La mer Baltique n'a pas encore atteint de tels niveaux, mais de nouvelles recherches suggèrent que son expansion s'accélère. Cette expansion pourrait être en partie due à la propagation d'eaux pauvres en oxygène, parfois appelées zones mortes ou « déserts d'oxygène ».

Cette espèce est également difficile à affamer. Les adultes pondent un grand nombre d'œufs, qui constituent une réserve d'énergie d'urgence, et en cas de pénurie alimentaire, ils peuvent consommer leurs propres larves. Ils se nourrissent aussi activement de zooplancton, ainsi que d'œufs et de larves de poissons, ce qui représente une menace particulière pour les espèces comme les sprats et les sardines.

Pourquoi est-ce important ?

Comme la cténophore se nourrit d'œufs et de larves, elle peut réduire les stocks de poissons futurs, ce qui pourrait avoir des répercussions sur la pêche commerciale, les chaînes d'approvisionnement alimentaire et les économies côtières.

L'expansion de l'aire de répartition de cette espèce témoigne également de changements plus vastes en mer Baltique. Le changement climatique rend cette mer plus vulnérable aux espèces envahissantes, car le réchauffement des eaux et l'expansion des zones pauvres en oxygène peuvent favoriser les organismes mieux adaptés aux changements environnementaux rapides.

La mer Baltique est déjà confrontée à des fluctuations de son niveau d'eau, à une aggravation de l'hypoxie et à d'autres perturbations climatiques susceptibles d'affaiblir les espèces indigènes tout en créant des opportunités pour l'émergence de nouvelles espèces.

Que fait-on ?

Des chercheurs étudient une défense naturelle potentielle déjà présente en mer Baltique : l’épinoche à trois épines (Gasterosteus aculeatus), une espèce indigène. Une étude publiée en janvier 2026 dans le Journal of Plankton Research a révélé que ce poisson pourrait contribuer à freiner la propagation des espèces invasives en se nourrissant de cténophores.

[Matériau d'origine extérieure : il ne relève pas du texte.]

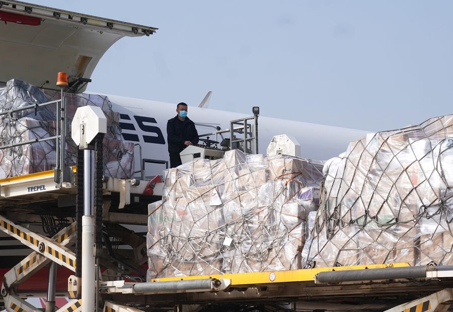 A worker unloads medical materials from a plane at the Wuhan Tianhe International Airport in Wuhan, central China's Hubei Province, Jan. 28, 2020. (Xinhua/Cheng Min)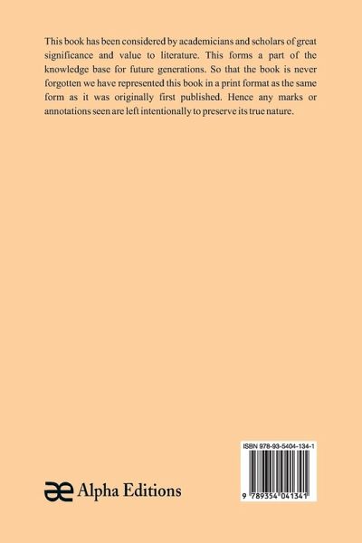 This book has been considered by academicians and scholars of great significance and value to literature. This forms a part of the knowledge base for future generations. So that the book is never forgotten we have represented this book in a print format as the same form as it was originally first published. Hence any marks or annotations seen are left intentionally to preserve its true nature.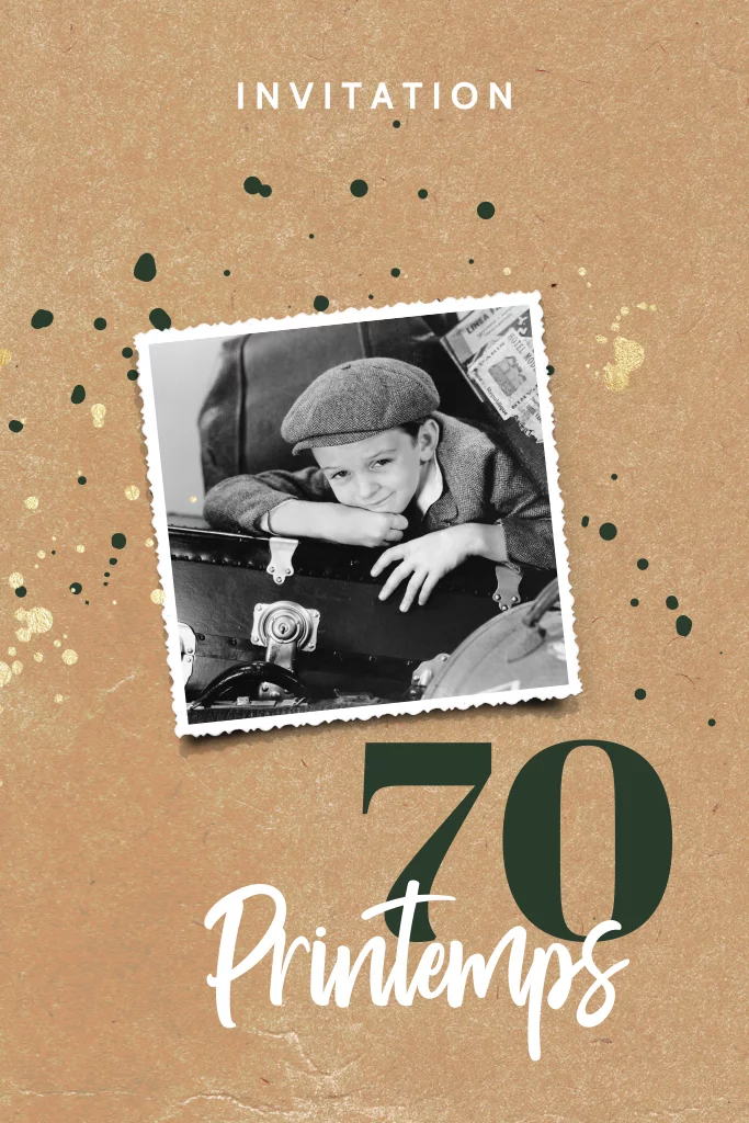 Carte d'invitation anniversaire 70 ans avec photo sur aspect kraft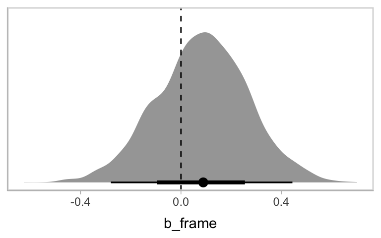 Hayes interpreted the coefficient for frame through the lens of a \(t\) statistic and accompanying \(p\)-value. We’ll just plot the posterior. For the figures in this chapter, we’ll take theme cues from the vignettes from Matthew Kay’s tidybayes package.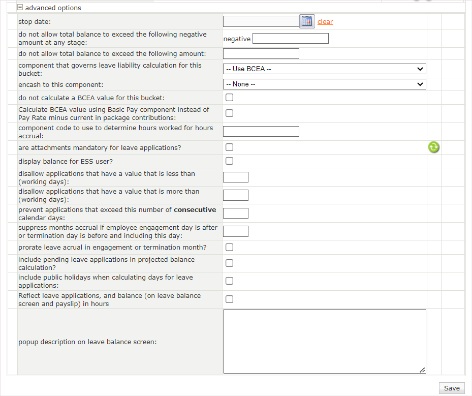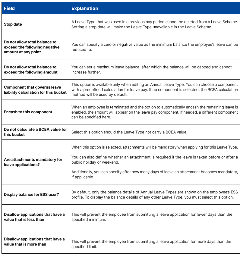 This feature is available on all PaySpace editions. Once a Leave Scheme is created, leave buckets can be created and linked to it on the Leave Scheme Parameters screen. Read each field's description carefully, to discern what information is required ...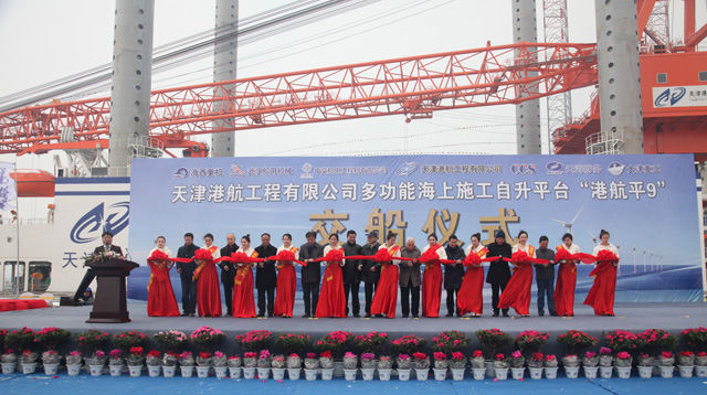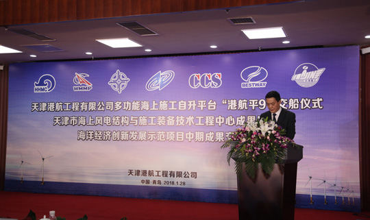 1月28日上午,目前國(guó)內(nèi)起重量最大的風(fēng)電施工平臺(tái)——“港航平9”交付儀式在青島海西重機(jī)舉行,天津海洋局、天津港集團(tuán)、中交機(jī)電局、風(fēng)電協(xié)會(huì)、武漢船機(jī)海西重機(jī)等相關(guān)單位共同見證了這一歷史性時(shí)刻。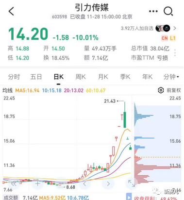 在11月15日,引力传媒报收11元/股,后来的6天,连续6个涨停板后迅速跌停。

Cependant, ce mécanisme de protection pourrait s'affaiblir. L'hypoxie semble inhiber l'activité des épinoches et réduire la quantité de nourriture qu'elles reçoivent de ces larves, ce qui signifie que l'un des systèmes de régulation naturels de la mer Baltique risque de faillir précisément au moment où l'espèce invasive a le plus d'opportunités de se propager.

La mer Baltique demeure un écosystème dynamique, mais elle est de plus en plus façonnée par les changements anthropiques.

Son éclat peut sembler étrange, mais la prolifération de ce que l'on appelle le « cannibale marin » témoigne de changements bien réels en mer Baltique. À mesure que les « déserts d'oxygène » s'étendent et que les barrières naturelles s'affaiblissent, la restauration de la vie marine et la survie des populations qui en dépendent le plus risquent d'être compromises.